Cheap ND filters will sacrifice some or all of these. Been there used the wrench. 

Good luck with your decision.


----------



## neuroanatomist (Aug 15, 2013)

AcutancePhotography said:


> If you get a good one, I like Marumi, the cross polarization issue can be mitigated.



That depends on how dark you need to set it, and how wide of an AoV you're shooting. Cheap variND filters can give you the 'Maltese cross' artifact at darker settings even at 'normal' focal lengths (40mm). The good ones don't show the artifact unless you're at a mid-to-dark density with a UWA lens (<24mm FF equivalent). If you want to use NDs above ~3 stops on a UWA lens, I think your best bet is standard ND filters. OTOH, I know many portrait photographers use variNDs to good effect, particularly when knocking down the ambient with outdoor flash.


----------



## angaras (Aug 15, 2013)

bluesphoto said:


> omar said:
> 
> 
> > ok. i am convinced to invest
> ...



That was an awesome article on ND filters.


----------



## bluesphoto (Aug 15, 2013)

angaras said:


> That was an awesome article on ND filters.



Yeah I know I learned almost everything on nd's from that site.

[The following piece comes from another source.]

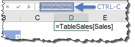Highlight the reference in the formula bar (do not include the equal’s sign) and press CTRL-C to copy the reference into memory.

It took me a while before I found it thou, so I thought that it would be useful here.


----------



## bluesphoto (Aug 15, 2013)

AcutancePhotography said:


> 1. That it is truly neutral. A ND filter that is not neutral will mess up your image



Well that is not exactly true. Every Nd filters has some kind of colour cast, some allot others a bit but of course it isn't that obvious if you only look at one exposure but if you look at two with and without you will notice it. The first one that is truly neutral would put every other filter company out of business.
But in the end you will want one with the least colour cast as possible or with the one that you think looks good(warm or cold colours).


----------



## Andy_Hodapp (Aug 16, 2013)

http://www.flickr.com/photos/[email protected]/sets/72157634078219248/

This is what I have gotten from my Neewer ND fader on my 50mm 1.8 II, I'm pretty impressed with it


----------



## leGreve (Aug 16, 2013)

What you pay for in expensive brand variable NDs and what you DONT get in cheap ones:

- Control over vignetting
- Little or no color cast
- Sharp images
- No cross hatch issues (since variable NDs are merely two pol filters twister against eachother)

Those are all big issues for me, and definitely not something I would go on compromise with because of money...........

The best budget filters seem to be Heliopan and Genus. And then we have Tiffen and BW who continue to provide good stuff.
Don't buy expensive lenses and then degrade them with shit 3rd party ebay items. That's just silly...


----------



## Marsu42 (Aug 16, 2013)

camerabug said:


> Color cast and soft images will find your way with inferior filters.



With strong nd filters you get a color cast anyway due to infrared leaks, b&w or heliopan, it doesn't matter - if you want to circumvent this you have to add an ir blocker (not possible to stack these for <35mm) or buy a more expensive combined hot mirror ir - nd filter.


----------



## AcutancePhotography (Aug 16, 2013)

bluesphoto said:


> Every Nd filters has some kind of colour cast, some allot others a bit...



Good point. What you want is one with the leastest colour cast.


----------



## Waterloo (Aug 16, 2013)

This was just posted on the Planet 5D blog: http://blog.planet5d.com/2013/08/formatt-hitech-release-the-prostop-irnd-long-exposure-filter-kit-joel-tjintjelaar-signature-series/

It might be of interest.


----------